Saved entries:

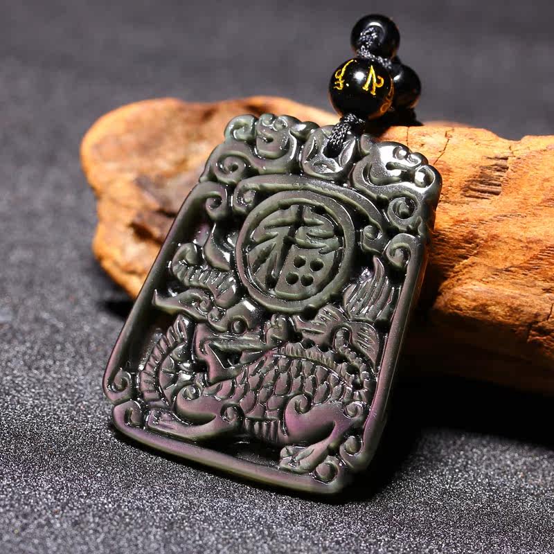 开光彩虹眼黑曜石麒麟吊坠 福麟赐瑞赐瑞祥麟吉祥物吊坠男女
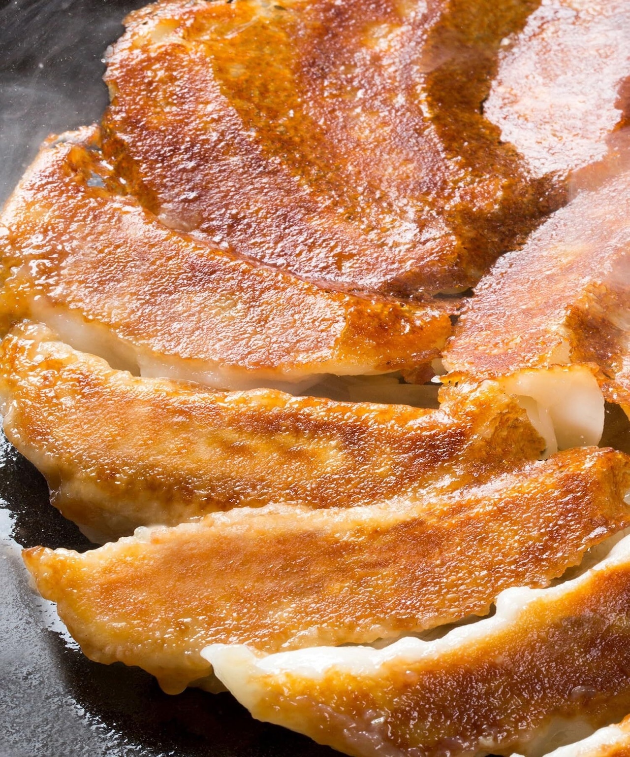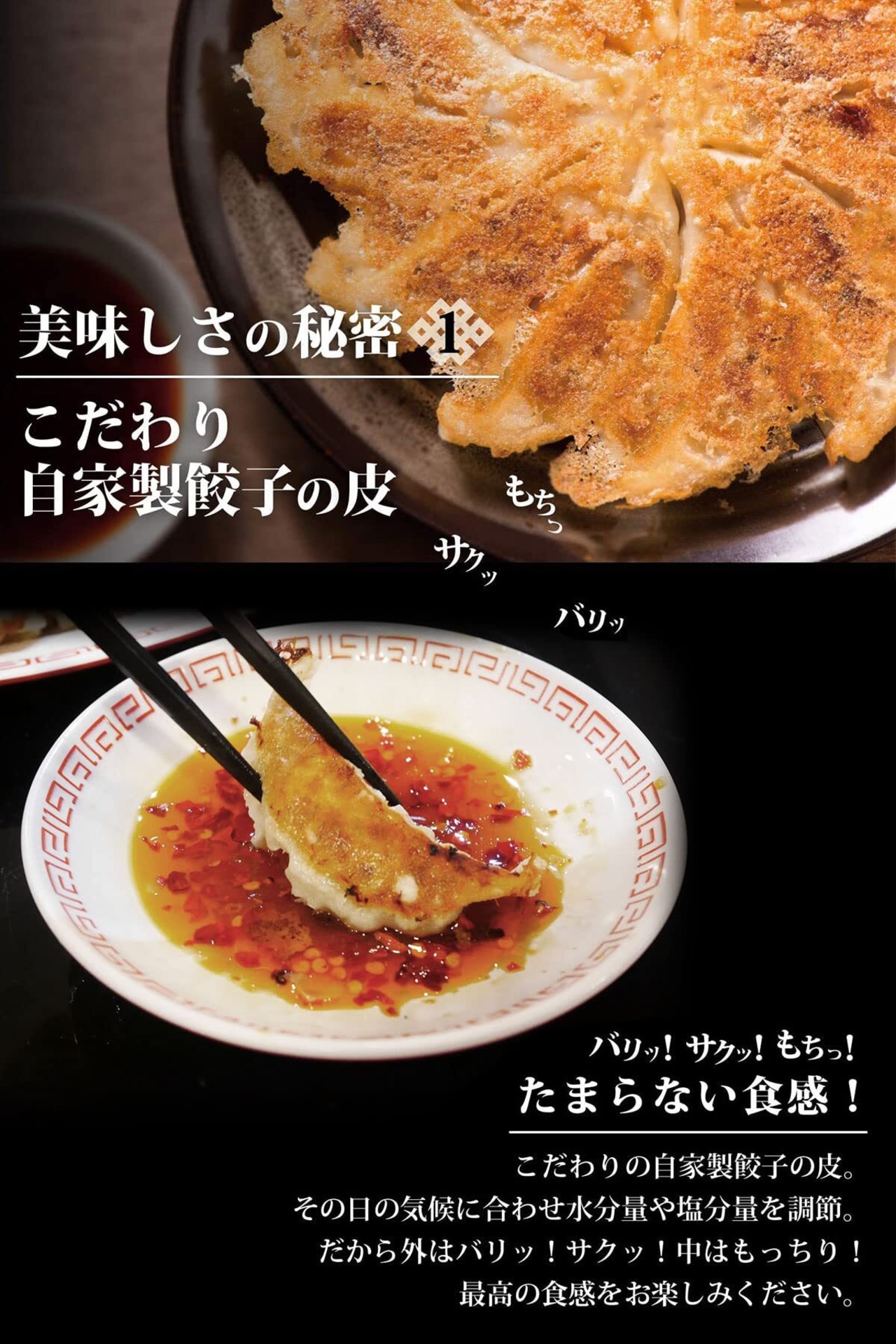 【美味しさの秘密①自家製餃子の皮】独自ブレンドしたの打ち粉を使用した、こだわりの自家製餃子の皮。その日の気候に合わせ、職人が水分量や塩分量を変えながら作っています。だから外はサクッと、中はもちっと。たまらない食感をご家庭でお楽しみください。
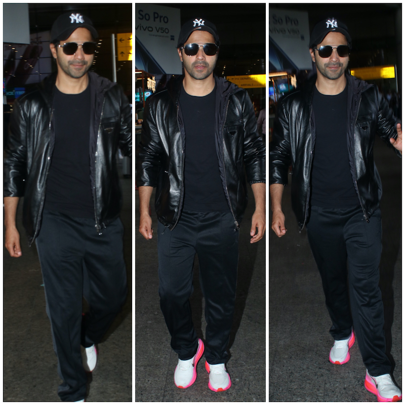 बॉलीवुड के चहेते स्टार वरुण धवन आज सुबह मुंबई एयरपोर्ट पर नजर आए, जहां वे अपने अगली फिल्म है जवानी तो इश्क होना है की विदेशीशूटिंग पूरी कर लौटे। ऑल-ब्लैक लुक में स्पोर्टी अंदाज़ में नज़र आए वरुण — काले टी-शर्ट, जैकेट और ट्रैक पैंट्स के साथ सफेद स्नीकर्स, कैप औरस्टाइलिश चश्मे में उन्होंने एक बार फिर फैशन स्टेटमेंट सेट कर दिया।
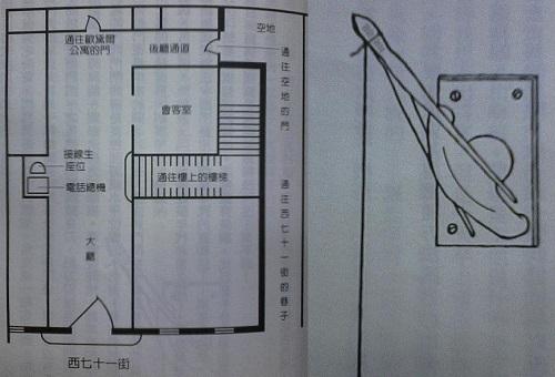 「非常好,凡斯先生——非常好!」他邊說邊點頭,「讓人一目了然,嗯,不需要解釋。——在你按了公寓門鈴後,先順著後廳通道跑到側門將門打開,然後再跑回來敲門。之後你從前門離去,轉向百老匯大道,再繞一圈掉轉頭走進大樓旁的窄巷,接著從側門進來,然後背著我們靜悄悄地潛入公寓。」
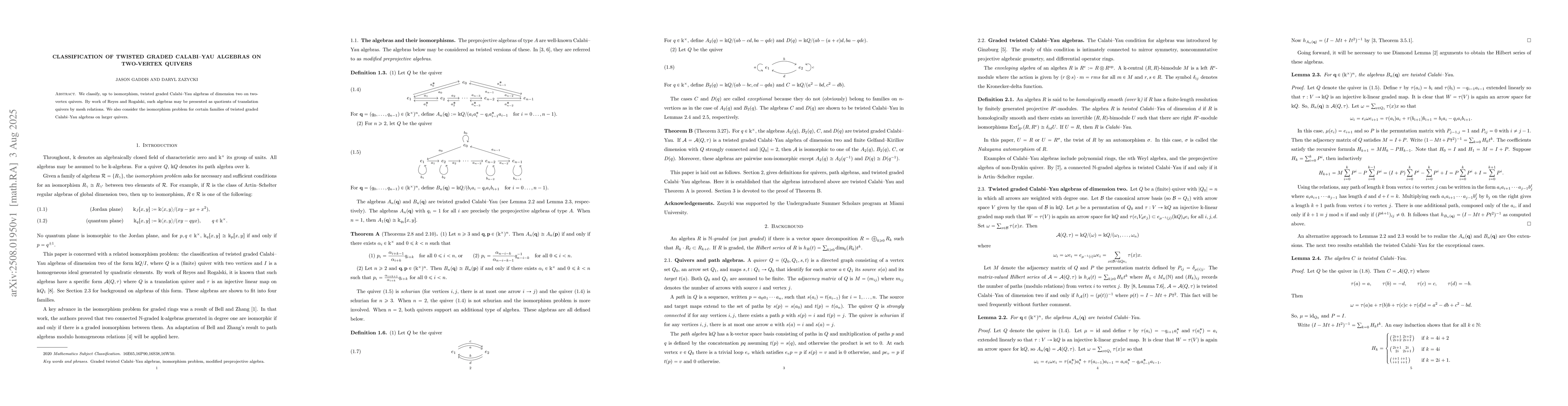 We classify, up to isomorphism, twisted graded Calabi--Yau algebras of dimension two on two-vertex quivers. By work of Reyes and Rogalski, such algebras may be presented as quotients of translation quivers by mesh relations. We also consider the isomorphism problem for certain families of twisted graded Calabi--Yau algebras on larger quivers.

**Exercise details:**
I'd like the data above duplicated exactly, with no pictures included.

**Response box:**
 开光彩虹眼黑曜石麒麟吊坠 福麟赐瑞赐瑞祥麟吉祥物吊坠男女
 【美味しさの秘密①自家製餃子の皮】独自ブレンドしたの打ち粉を使用した、こだわりの自家製餃子の皮。その日の気候に合わせ、職人が水分量や塩分量を変えながら作っています。だから外はサクッと、中はもちっと。たまらない食感をご家庭でお楽しみください。
 बॉलीवुड के चहेते स्टार वरुण धवन आज सुबह मुंबई एयरपोर्ट पर नजर आए, जहां वे अपने अगली फिल्म है जवानी तो इश्क होना है की विदेशीशूटिंग पूरी कर लौटे। ऑल-ब्लैक लुक में स्पोर्टी अंदाज़ में नज़र आए वरुण — काले टी-शर्ट, जैकेट और ट्रैक पैंट्स के साथ सफेद स्नीकर्स, कैप औरस्टाइलिश चश्मे में उन्होंने एक बार फिर फैशन स्टेटमेंट सेट कर दिया।
 「非常好,凡斯先生——非常好!」他邊說邊點頭,「讓人一目了然,嗯,不需要解釋。——在你按了公寓門鈴後,先順著後廳通道跑到側門將門打開,然後再跑回來敲門。之後你從前門離去,轉向百老匯大道,再繞一圈掉轉頭走進大樓旁的窄巷,接著從側門進來,然後背著我們靜悄悄地潛入公寓。」
 We classify, up to isomorphism, twisted graded Calabi--Yau algebras of dimension two on two-vertex quivers. By work of Reyes and Rogalski, such algebras may be presented as quotients of translation quivers by mesh relations. We also consider the isomorphism problem for certain families of twisted graded Calabi--Yau algebras on larger quivers.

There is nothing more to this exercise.